Jetzt müssen wir uns mehr darauf konzentrieren, den Konsens zwischen mehreren Mitgliedern des Entscheidungsnetzwerks zu fördern. Die größte Chance, in dieses „Netzwerk des Einflusses“ einzudringen, besteht darin, Inhalte zu erstellen, die Gespräche zwischen diesen Interessengruppen anregen. Unsere Studie hat gezeigt, dass die wichtigste Triebfeder bei der Auswahl der ersten Option der Einfluss von Gleichaltrigen war, sei es durch direkte Empfehlungen oder durch umfassendere soziale Kontrollen. Und mit der Zunahme der Zahl der Entscheidungsträger im Bereich der digitalen Technologien (laut Google sind derzeit 50% der Forscher Träger digitaler Technologien) manifestiert sich dieser Einfluss zunehmend in digitalen Räumen. 50% der 35-Jährigen gaben an, dass ihre Entscheidungen „von einem Kollegen beeinflusst wurden, dem ich in sozialen Netzwerken folge“.

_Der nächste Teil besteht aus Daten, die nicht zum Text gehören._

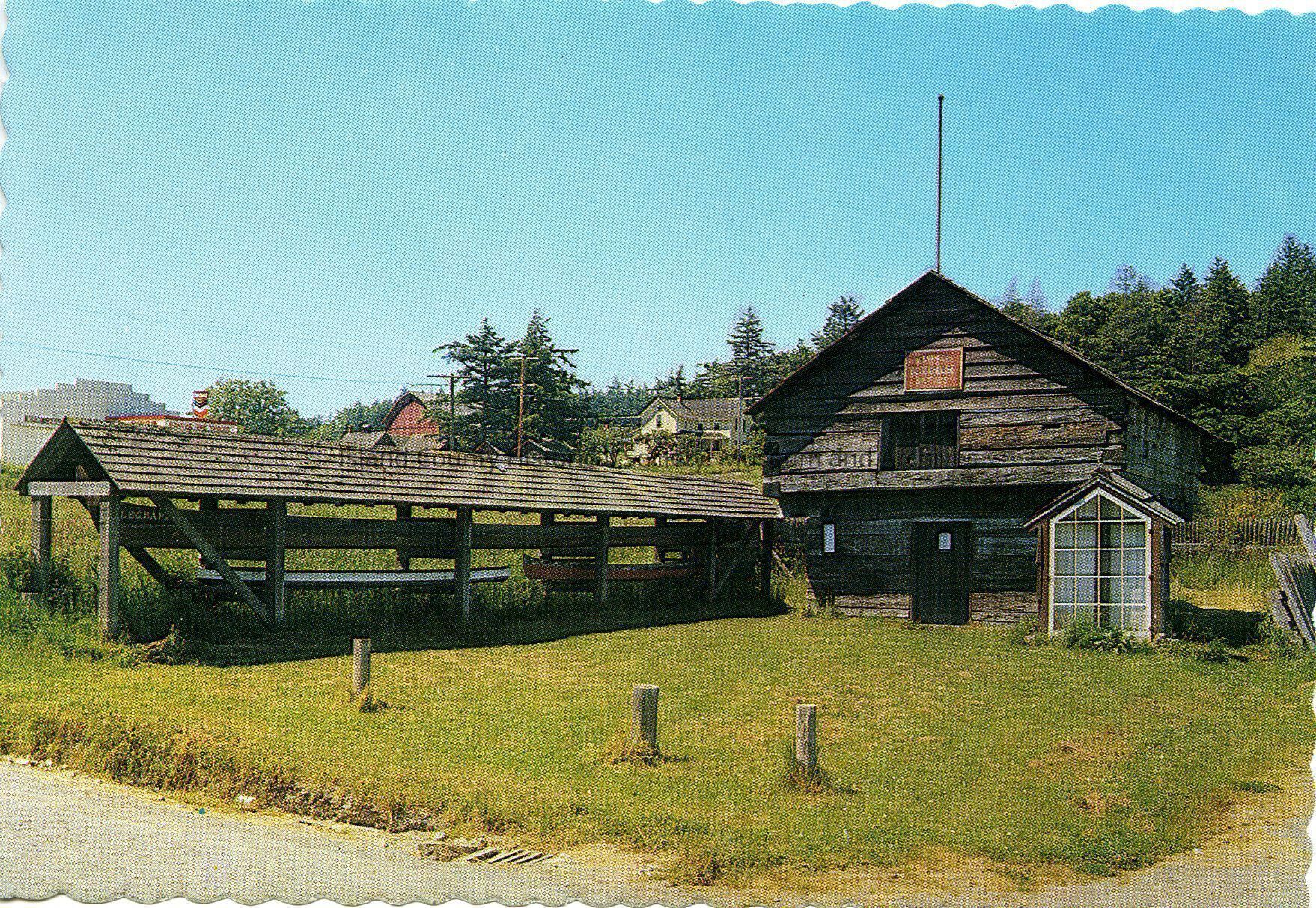 Postcard of the Alexander Blockhouse and Indian dug-out canoes in Coupeville, Washington. Actual year photo was taken is unknown, but appears to have been taken in the 80s. When looking at the photo the road leading back to the Coupeville Inn and Inn itself is missing. The Coupeville Inn was established in 1985. Color postcard published by Ellis Post Card Co., Arlington, Washington.Made/Created

Bei den Entscheidungsträgern über die Jahrtausende ist diese Zahl auf 80% gestiegen. Daher ist es wichtig, dass Marken Inhalte erstellen, die nicht nur Entscheidungen ermöglichen, sondern auch Einfluss und Kommunikation anregen.

Marken, die kleinere Unternehmen über Vermittler vertreiben, verlieren sich in einem Meer von Einheitlichkeit, und Käufer versuchen, den Unterschied zwischen den Angeboten konkurrierender Marken zu verstehen. Ihre Stimme und Kultur wird nicht viel über den Kanal der Vermittler verbreitet, und infolgedessen werden Marken undifferenziert.

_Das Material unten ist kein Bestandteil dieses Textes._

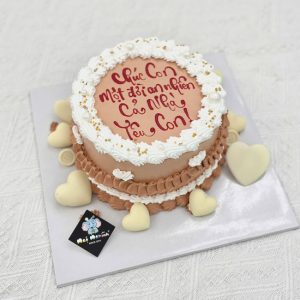 Bánh sinh nhật in hình trái tim ăn được trang trí tim mạ vàng tặng mẹ

Bei der Bewertung von Marken bewerteten kleine Unternehmen diese seltener als „unverwechselbar und leicht erkennbar“. Entscheider größerer Unternehmen, die in direkter Beziehung zur Marke stehen, haben 29% mehr Marken gewonnen. Dies ist sehr wichtig, da die Korrelation zwischen Unterscheidungskraft und Spitzenbewusstsein 95% beträgt. Damit Marken regelmäßig denken können, müssen sie sicherstellen, dass sie einen unverwechselbaren Charakter haben, der die Übersetzung über Zwischenkanäle übersteht und sich dennoch durchsetzt. Dies bedeutet, industrielle Klischees zu vermeiden und eine originelle Geschichte, großartige visuelle Assets und ein einzigartiges Markenverhalten zu entwickeln. Marken, die als „provokativ und provokativ“ eingestuft werden, werden wahrscheinlich für den Einsatz im Direktmarketing in Unternehmen erkannt und empfohlen.